WORK TO BE COMPLETED: Here is a listing. Write it all out again exactly, but not its pictures.

MATERIAL PROVIDED:

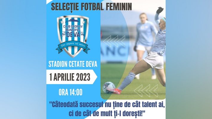 ACTUALITATEȘTIRI INFO HD SELECȚIE PENTRU FOTBAL FEMININ LA DEVA 16 martie 2023 Petru Meszaros Selecția va avea loc în data de 1 aprilie 2023, la stadionul „Cetate”
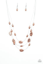 Featuring smooth and delicately hammered finishes, mismatched shiny copper beads are threaded along dainty silver wire, creating floating layers below the collar. Features an adjustable clasp closure.
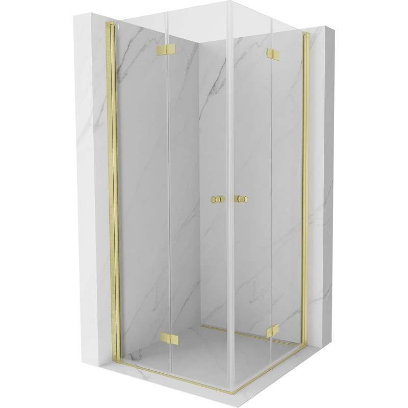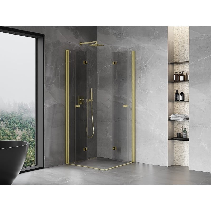 Špecifikácia produktu: Rozmer: 90x90 cm (ľavé dvere 90 cm, pravé dvere 90 cm) Výška: 200 cm Strana montáže: Univerzálny Vchod: Skladacie dvere Farba skla: Priehľadná Povrchová úprava: Kartáčované zlato Profil: Hliník Typ skla: Tvrdené Hrúbka skla: 6 inštalácia na sprchovú vaničku alebo obklad Mechanizmus na zdvíhanie a spúšťanie dverí Mosadzné pánty v jednej rovine so sklom Magnetický prúžok a elastomérové tesnenie na odvod vody Hliníkový prah tesnenia dverí

RESPONSE BOX:
 ACTUALITATEȘTIRI INFO HD SELECȚIE PENTRU FOTBAL FEMININ LA DEVA 16 martie 2023 Petru Meszaros Selecția va avea loc în data de 1 aprilie 2023, la stadionul „Cetate”
 Featuring smooth and delicately hammered finishes, mismatched shiny copper beads are threaded along dainty silver wire, creating floating layers below the collar. Features an adjustable clasp closure.
 Špecifikácia produktu: Rozmer: 90x90 cm (ľavé dvere 90 cm, pravé dvere 90 cm) Výška: 200 cm Strana montáže: Univerzálny Vchod: Skladacie dvere Farba skla: Priehľadná Povrchová úprava: Kartáčované zlato Profil: Hliník Typ skla: Tvrdené Hrúbka skla: 6 inštalácia na sprchovú vaničku alebo obklad Mechanizmus na zdvíhanie a spúšťanie dverí Mosadzné pánty v jednej rovine so sklom Magnetický prúžok a elastomérové tesnenie na odvod vody Hliníkový prah tesnenia dverí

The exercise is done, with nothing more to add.